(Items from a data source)
= = = = = = =
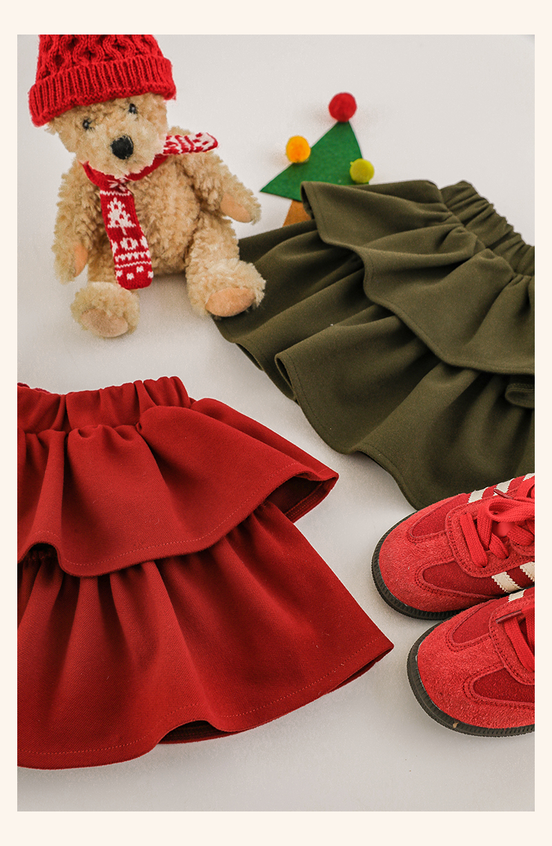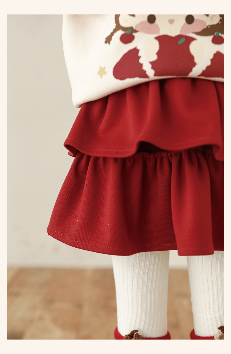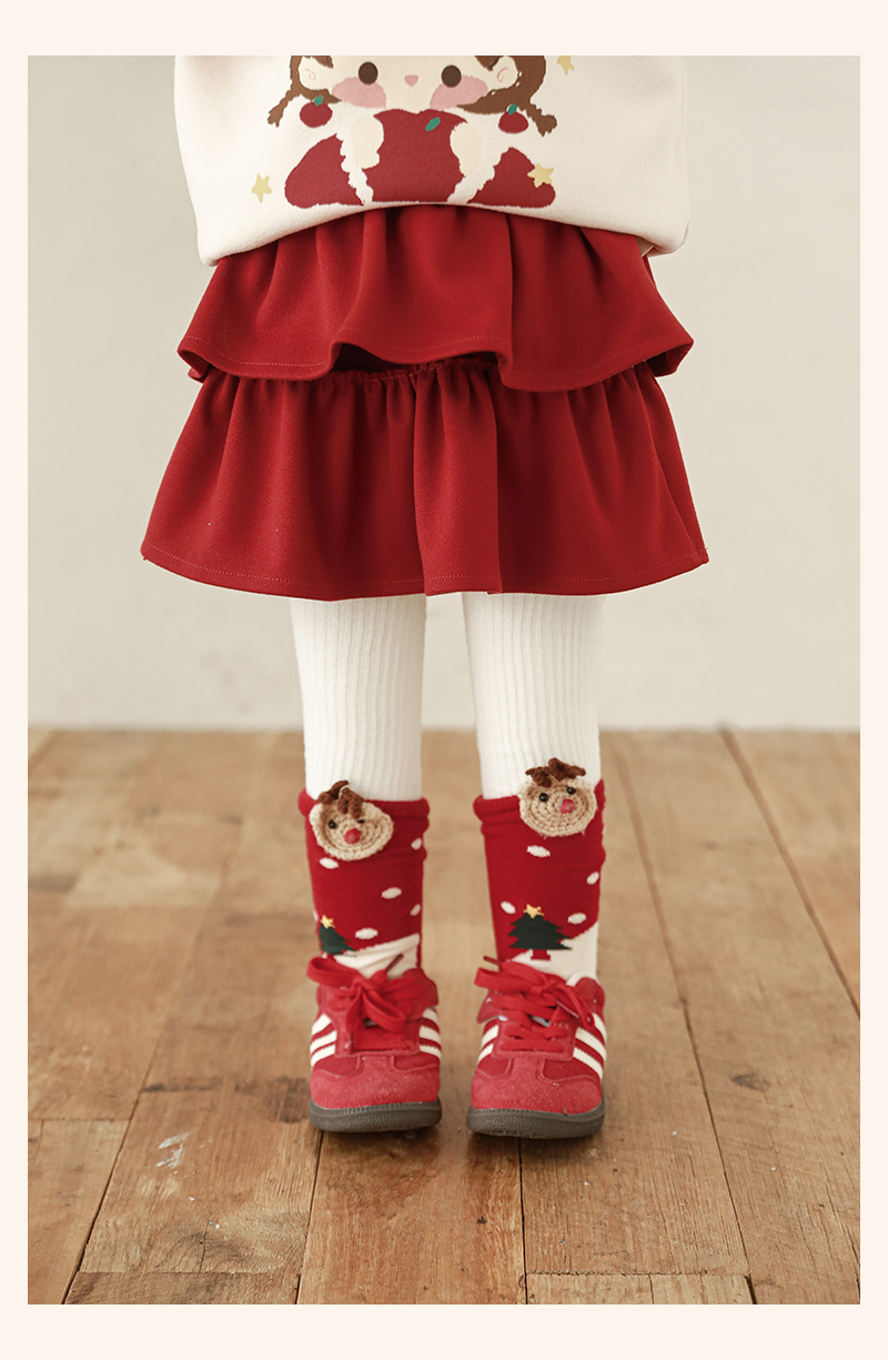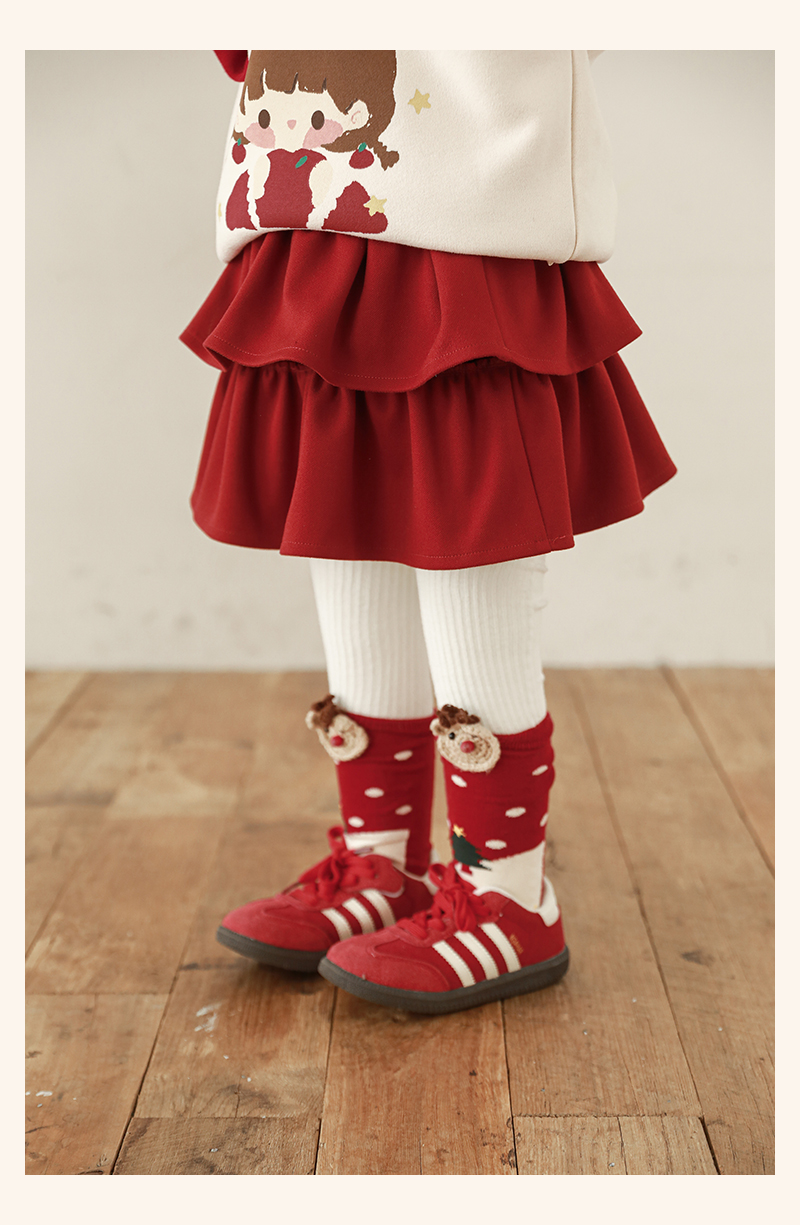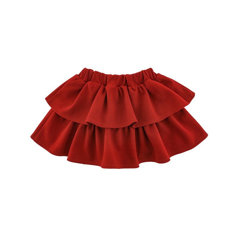 Wurib 소녀의 크리스마스 기모 두꺼운 더블 레이어 케이크 스커트 겨울 따뜻한 차가운 저항하는 빨간 치마
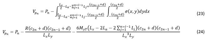 The shear force V yn is obtained by the pressure volume of the surface formed by the x n ´ - x n ´ axis with a width w n and the free end (top side of the Fig. 2) of the footing:
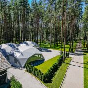 В загородном комплексе есть возможность провести масштабное мероприятие благодаря большому, современному и уютному шатру. Он вмещает в себя до 200 гостей и подходит для любого мероприятия: свадьбы, корпоративы, юбилеи, нового года и другого выездного банкета, поскольку в нём установлена большая профессиональная кухня. И что важно- в нём комфортно в любую погоду, так как помещение отапливается водяными полами. Большие панорамные окна из алюминия с завораживающими пейзажами никого не оставит равнодушными. В наличии посуда на 200 гостей, 3 кондиционера, огромный экран, профессиональное музыкальное оборудование. Также шатёр оборудован санузлами.
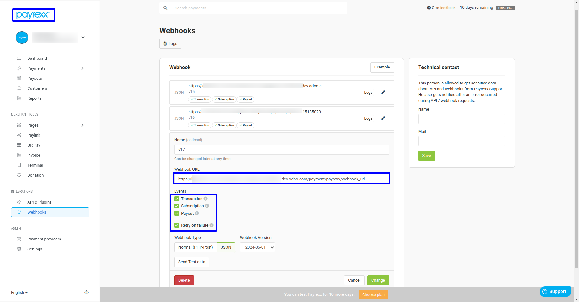 User need to set payrexx API key and webhook URL.
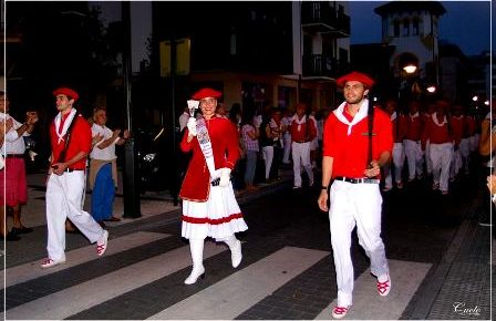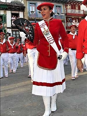 Año 2008. María Serrano Olaskoaga. Cantinera de la Compañía Gora Ama Guadalupekoa del Alarde de Hondarribia entrando en la Plaza de Armas en 2008.
= = = = = = =
Transcribe the entries from their first line to the line that holds "User need to", both included, and skip every picture.

 Wurib 소녀의 크리스마스 기모 두꺼운 더블 레이어 케이크 스커트 겨울 따뜻한 차가운 저항하는 빨간 치마
 The shear force V yn is obtained by the pressure volume of the surface formed by the x n ´ - x n ´ axis with a width w n and the free end (top side of the Fig. 2) of the footing:
 В загородном комплексе есть возможность провести масштабное мероприятие благодаря большому, современному и уютному шатру. Он вмещает в себя до 200 гостей и подходит для любого мероприятия: свадьбы, корпоративы, юбилеи, нового года и другого выездного банкета, поскольку в нём установлена большая профессиональная кухня. И что важно- в нём комфортно в любую погоду, так как помещение отапливается водяными полами. Большие панорамные окна из алюминия с завораживающими пейзажами никого не оставит равнодушными. В наличии посуда на 200 гостей, 3 кондиционера, огромный экран, профессиональное музыкальное оборудование. Также шатёр оборудован санузлами.
 User need to set payrexx API key and webhook URL.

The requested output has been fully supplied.